What you will do. Would you return exactly the lines below from the line with "Polish customers: enter your NIP once." through the line with "2025년 봄 가을 여아용", both included, and nothing else, leaving out the pictures?

Data records.

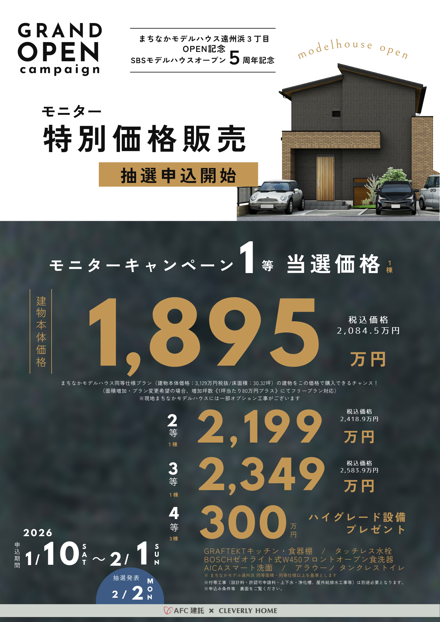《モデルハウスOPEN記念》モニター特別価格抽選キャンペーン
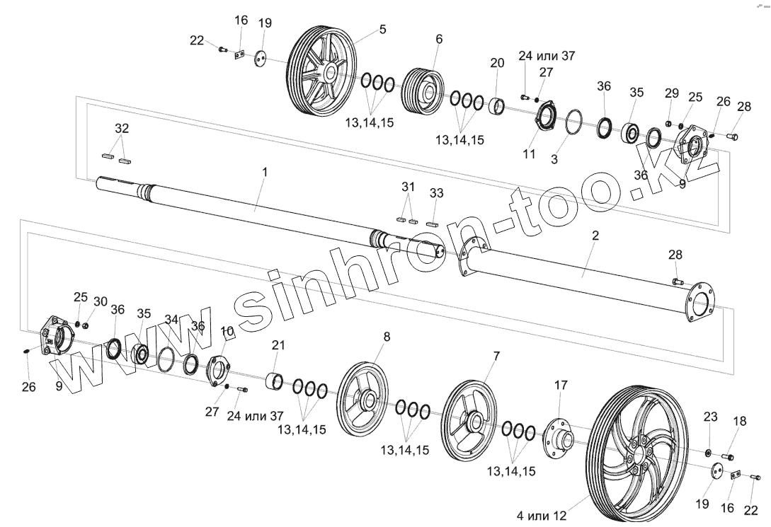 Каталог запасных частей к технике: Гомсельмаш КЗС-812С. Установка шкивов КЗК 0202860А и КЗК 0202103Б
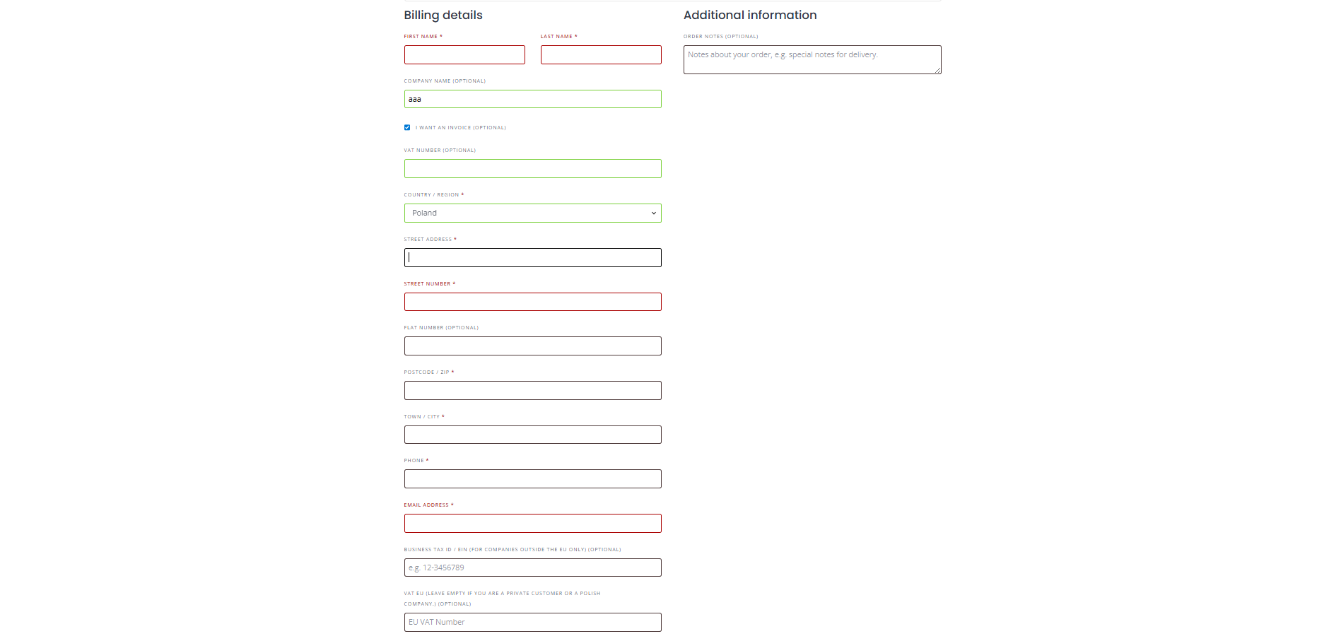 Polish customers: enter your NIP once.
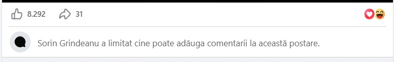 Nu am putut analiza comentariile de la postările lui Sorin Grindeanu, deoarece ele nu sunt publice – șeful PSD a limitat această opțiune pentru toate postările sale din ultimele săptămâni – nimeni nu poate comenta la postările sale fără aprobarea persoanei care gestionează contul. Nici numărul total, nici comentariile propriu-zise nu pot fi observate.
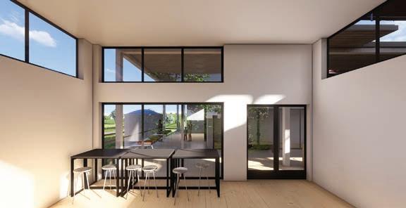 edit images and emails from her office, sunroom, or kitchen table. Sam lives alone in the shotgun-style home to the east of Rachel’s cottage. She works from home and benefits from ample natural light in his second-floor loft makerspace, which has skylights. Both homes are designed to meet the unique lighting and spatial requirements of the occupants, enhancing their creativity.
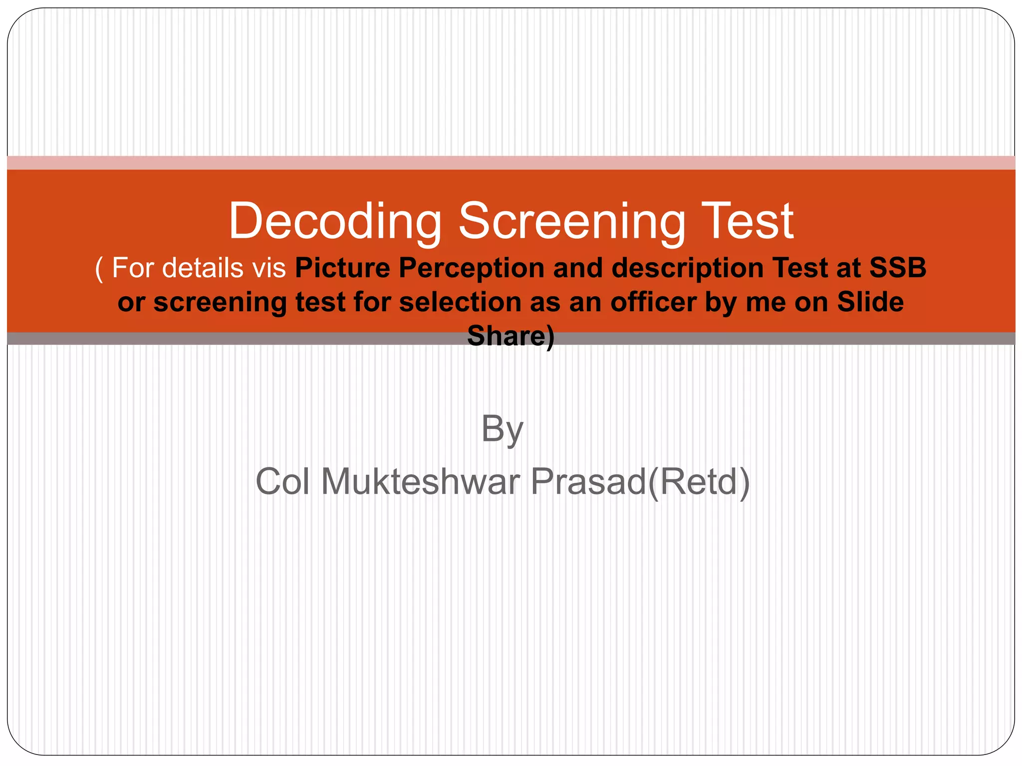 1. The document discusses screening tests for selection as an officer through the NDA examination.
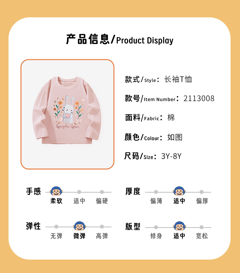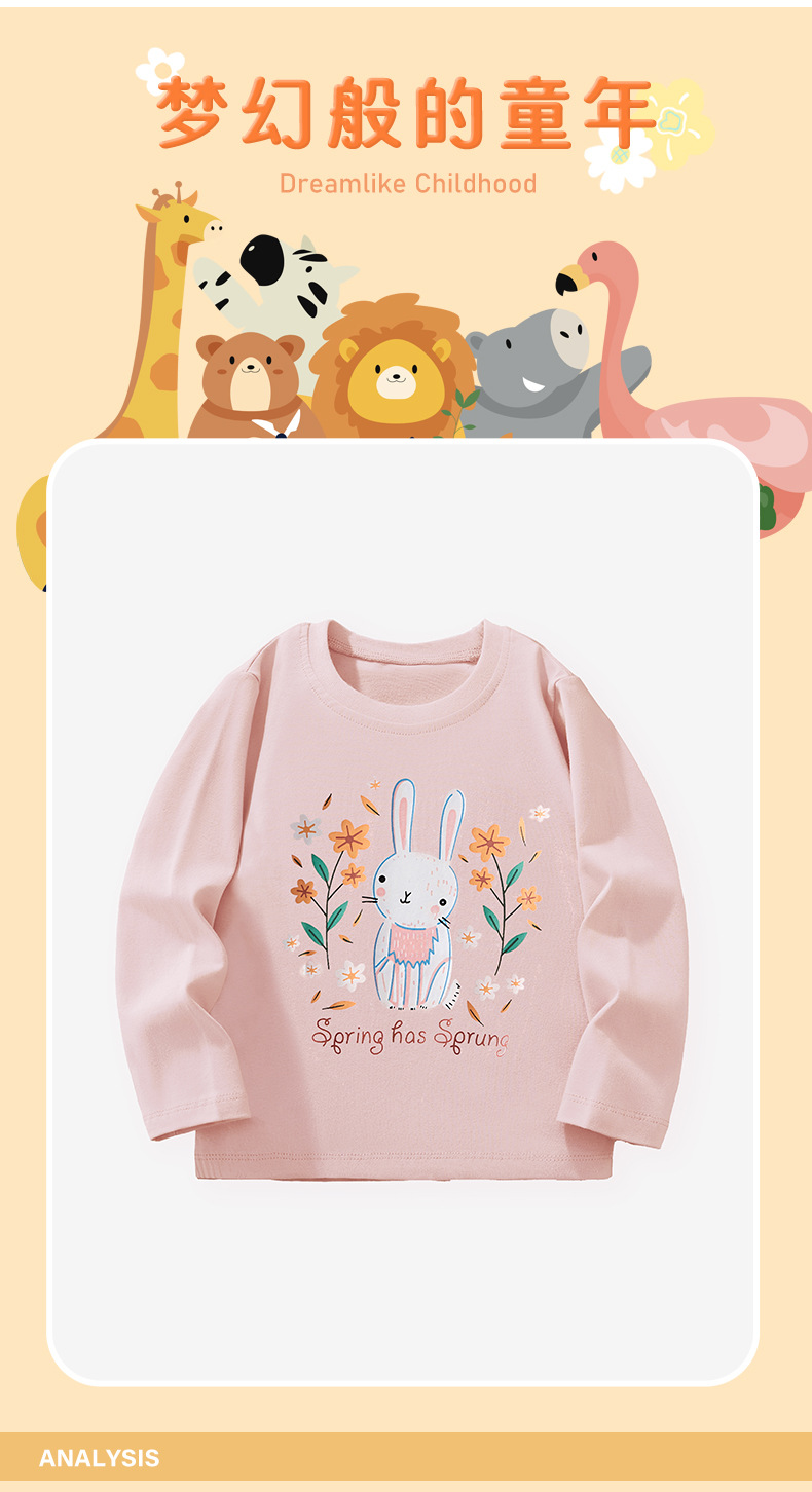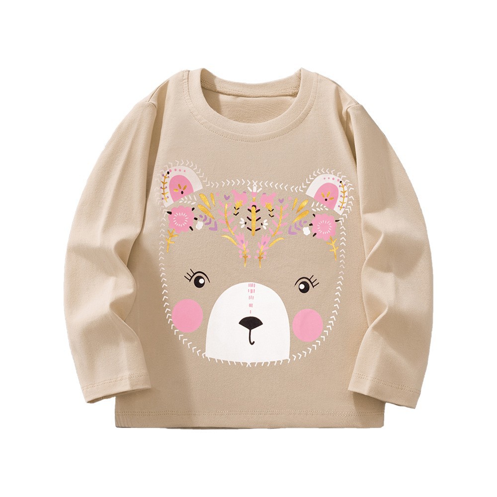 2025년 봄 가을 여아용 긴팔 면 티셔츠 아동복 만화 동물 캐주얼 유아복 도매스토어 가기
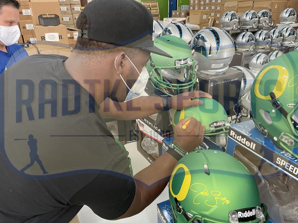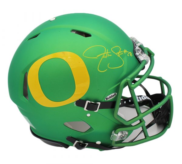 Riddell Oregon Ducks full-size authentic on-field Speed helmet. Hand-signed by Jonathan Stewart.
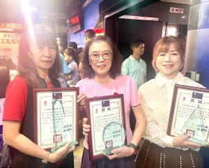 左起土風舞三姐妹;盧采伶、蘇麗華、江虹宜分獲優秀運動員,績優班隊和有功人員獎獎狀及獎牌。(記者李伯元攝)
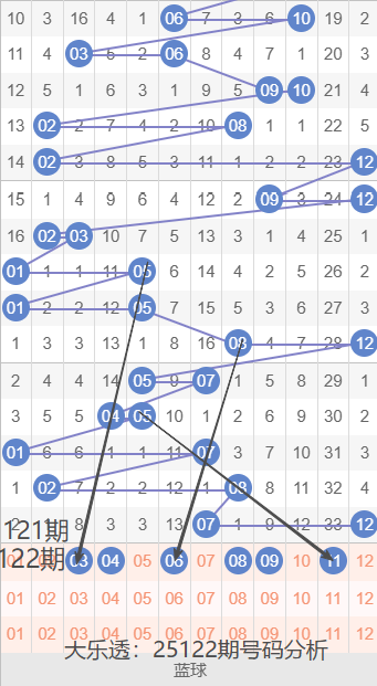 通过上期号码的简单分析,我们看下25122期红色号码球的总体走势,如下图:
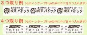 ■仕組 1 市販の透明なセロハンテープを右側にセットします。 2 文字・ロゴマークなどが彫りこんであるローラーを左側にセットします。 3 にじまない、特殊粉末インク入りタンク。 4 セロハンテープを引っ張るだけで、オリジナルテープの出来上がり.。 ![]() ■使用例 ●印字例 1つ取りから4つ取りまであります。 ![]() ●インクは次の茶金・緑・金・ピンク・黒からお選び下さい ■仕様
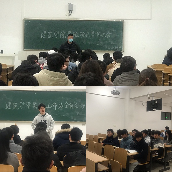 为进一步推进网络易班建设,做好建筑学院易班网络平台推广工作,调动学生使用易班的积极性。3月6日晚,建筑学院在致知楼C108举行新学期易班班长全体大会。建筑学院易班工作站指导教师阮怀思、建筑学院易班工作站站长李宽亮、建筑学院易班工作站全体工作人员以及建筑学院2018、2019、2020级全体易班班长参加了会议,会议由阮怀思主持。

Result of the exercise.
 Polish customers: enter your NIP once.
 Nu am putut analiza comentariile de la postările lui Sorin Grindeanu, deoarece ele nu sunt publice – șeful PSD a limitat această opțiune pentru toate postările sale din ultimele săptămâni – nimeni nu poate comenta la postările sale fără aprobarea persoanei care gestionează contul. Nici numărul total, nici comentariile propriu-zise nu pot fi observate.
 edit images and emails from her office, sunroom, or kitchen table. Sam lives alone in the shotgun-style home to the east of Rachel’s cottage. She works from home and benefits from ample natural light in his second-floor loft makerspace, which has skylights. Both homes are designed to meet the unique lighting and spatial requirements of the occupants, enhancing their creativity.
 1. The document discusses screening tests for selection as an officer through the NDA examination.
 2025년 봄 가을 여아용 긴팔 면 티셔츠 아동복 만화 동물 캐주얼 유아복 도매스토어 가기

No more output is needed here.